Exercise 5: Investigation of Pond Water and Microorganisms

Materials

  • Compound microscope
  • Microscope slide
  • Coverslip
  • Transfer pipette
  • Pond water sample
  • Brine shrimp (Artemia)

Procedure

  1. Using the transfer pipette, transfer a drop of pond water onto a microscope slide. The best specimens often come from the bottom and may contain chunks of algae or other debris that you can see with your naked eye. 
  2. Slowly lower a coverslip onto the slide using either your hand or a dissecting needle.
Preparing a wet mount.
Christine Anderson and Lisa Bartee, Biology 101A Lab Packet, 2016, CC BY 4.0
  1. Use the low power (10x) objective to focus, then move the mechanical stage around to scan the slide for live microorganisms. You are looking for tiny swimming things- they may look green or clear and might be very small. Choose one to focus on and center it in your visual field. You may wish to use ProtoSlo (methylcellulose) to keep your organisms from swimming too quickly.
  2. Switch to the next higher-powered objective (40x) and view your chosen organism. Use a higher objective if necessary.
  3. Repeat the procedure for the brine shrimp (Artemia). 

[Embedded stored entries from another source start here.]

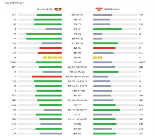 第7分钟,先拔头筹,昂达夫助攻莱韦林前插捅射破门,斯图加特1-0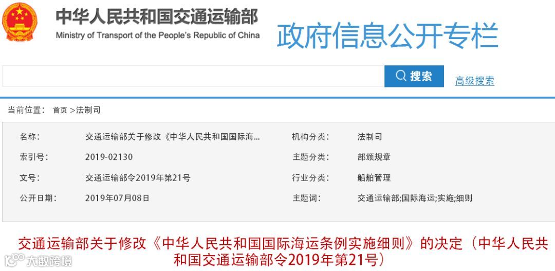 《中华人民共和国国际海运条例实施细则》(交通运输部令2017年第4号)作如下修改: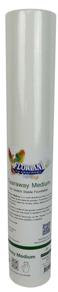 Floriani Medium Tearaway is manufactured using a unique process called the “Delta Wet Laid Non-Woven” technique. The benefit of using this method of production is that the product is very solid, when closely examined you will see no thick and/or thin spots. When used as an embroidery stabilizer, it is not necessary to use multiple layers in random directions to support stitches. Medium Tearaway is a 1.5 oz, clean tear stabilizer. It is the best choice for a supplement stabilizer when working on high stitch count designs in conjunction with your other stabilizers such as No Show Nylon Mesh, Heat N Sta Tearaway or Wet N Stick. It provides back up support without adding unwanted bulk.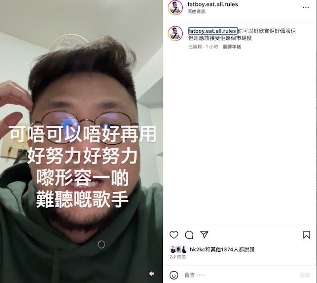 於IG擁有4.6萬Followers的網紅「嚴重脂肪哥二世」昨日(2日)鬧爆「努力論」,他拍片提到:「可唔可以唔好再用『好努力、好努力』嚟形容嗰啲難聽嘅歌手呀?如果好努力都唱得難聽嘅,咪即係你唔適合喺呢行囉!唔見你同啲醫死人嘅醫生講佢好努力嘅?我DSE 5條4、好努力,俾我做醫生啦!其他行業唔會咁㗎喎,你唔會話踢波好廢嗰啲人,『佢好努力㗎啦,俾佢繼續踢英超啦!』係唱歌呢行先係咁㗎喎,好難聽唱歌走晒音,『不過佢好努力㗎啦,畀次機會佢啦!』然後好聽嘅歌畀晒啲好難聽、走晒音嘅歌手唱囉,唱得好嗰啲冇得唱!」他更直言不諱:「你可以好欣賞佢好佩服佢 但唔應該接受佢喺個市場度」。

Organism #1                                                                                                        Organism #2

Exercise 6: Take a picture of one of your organisms

  1. Take one of your wet mount slides to the compound microscopes that are equipped with cameras. 
  2. Follow the instructions at the microscope station to take a picture of your organism.
  3. Center, crop, and add a scale bar.
  4. Rename the file to include your name, objective used, and specimen. For example, if I took a picture of a brine shrimp, I might name it: “Melissa Hardy brine shrimp 10x”
  5. Submit your picture via Canvas.

Cleanup 

  1. Store microscope with the lowest power objective in place and the stage in its lowest position. 
  2. Wrap cord around microscope. 
  3. Replace slides in original slide tray.